In vivo effects of eltrombopag on platelet function in immune thrombocytopenia: no evidence of platelet activation

Abstract

The effects of eltrombopag, a thrombopoietin-receptor agonist, on platelet function in immune thrombocytopenia (ITP) are not fully characterized. This study used whole blood flow cytometry to examine platelet function in 20 patients receiving eltrombopag treatment at days 0, 7, and 28. Platelet surface expression of activated GPIIb/IIIa, P-selectin, and GPIb was measured with and without low and high adenosine diphosphate (ADP) and thrombin receptor activating peptide (TRAP) concentrations. Before eltrombopag treatment with no ex vivo agonist, platelet activation was higher in ITP patients than controls. Platelet GPIb and activated GPIIb/IIIa expression without added agonist was unchanged following eltrombopag treatment, whereas a slight increase in P-selectin was observed. Expression of P-selectin and activated GPIIb/IIIa in response to high-dose ADP was lower during eltrombopag treatment than at baseline. Eltrombopag led to a slight increase in platelet reactivity to TRAP only in responders to eltrombopag but not to levels above those in controls; whole blood experiments demonstrated that this increase was probably because of higher platelet counts rather than higher platelet reactivity. In conclusion, although thrombocytopenic ITP patients have higher baseline platelet activation than controls, eltrombopag did not cause platelet activation or hyper-reactivity, irrespective of whether the platelet count increased.

Figures

Figure 1

Platelet parameters in healthy controls and in patients with ITP at 0, 7, and 28 days of eltrombopag treatment. (A) Platelet count, (B) mean platelet volume (MPV), (C) immature platelet fraction (IPF) %, and (D) absolute immature platelet fraction (AIPF). Data are mean ± SEM (*P < .05; **P < .02; ***P < .001).

Figure 2

Platelet parameters in responders to eltrombopag treatment. (A) Platelet count, (B) mean platelet volume (MPV), (C) immature platelet fraction (IPF) %, and (D) absolute immature platelet fraction (AIPF). Responders (black columns) and nonresponders (gray columns).

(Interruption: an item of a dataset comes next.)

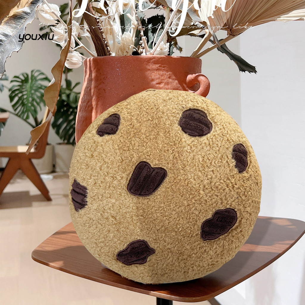 YOU- 28/45cm Plush Seat Cushion Lovely Simulation Biscuit Shape Fluffy Sofa Pillow Hip Protective PP Cotton Filling Home Office Chair Car Seat Buttocks Cushion Home Decoration

Data are mean ± SEM (*P < .05; **P < .02; ***P < .001).

Figure 3

Platelet surface expression of activation markers in controls and ITP patients at days 0, 7, and 28 of eltrombopag treatment with no added agonist and in response to low and high dose ADP and TRAP stimulation. (A) Activated GPIIb/IIIa (PAC-1), (B) P-selectin, and (C) GPIb. C indicates healthy controls; D0, ITP patients pretreatment with eltrombopag; and D7 and D28, 7 and 28 days after initiation of eltrombopag treatment in ITP patients. Black-capped bars indicate unpaired (ITP at baseline vs controls) and gray bars indicate pairwise comparisons (ITP patients at different study days). Data are mean ± SEM (*P < .05; **P < .02; ***P < .001).

Figure 4

Platelet surface markers of activation in responders and nonresponders to eltrombopag treatment with no added agonist and in response to low and high dose ADP and TRAP stimulation. (A-C) Responders and (D-F) nonresponders. (A,D) Activated GPIIb/IIIa (PAC-1), (B,E) P-selectin, and (C,F) GPIb. C indicates healthy controls; D0, ITP patients pretreatment with eltrombopag; D7 and D28, 7 and 28 days after initiation of eltrombopag treatment in ITP patients. Data are mean ± SEM (*P < .05; **P < .02; ***P < .001).

Figure 5

Platelet surface markers of activation in controls following in vitro manipulation of platelet counts. (A) Activated GPIIb/IIIa, (B) P-selectin, and (C) GPIb. Data are mean ± SEM, n = 5 (*P < .05, **P < .02) for agonist-induced platelet integrin expression in thrombocytopenic samples compared with that at “normal” platelet counts (ie, 175 × 109/L).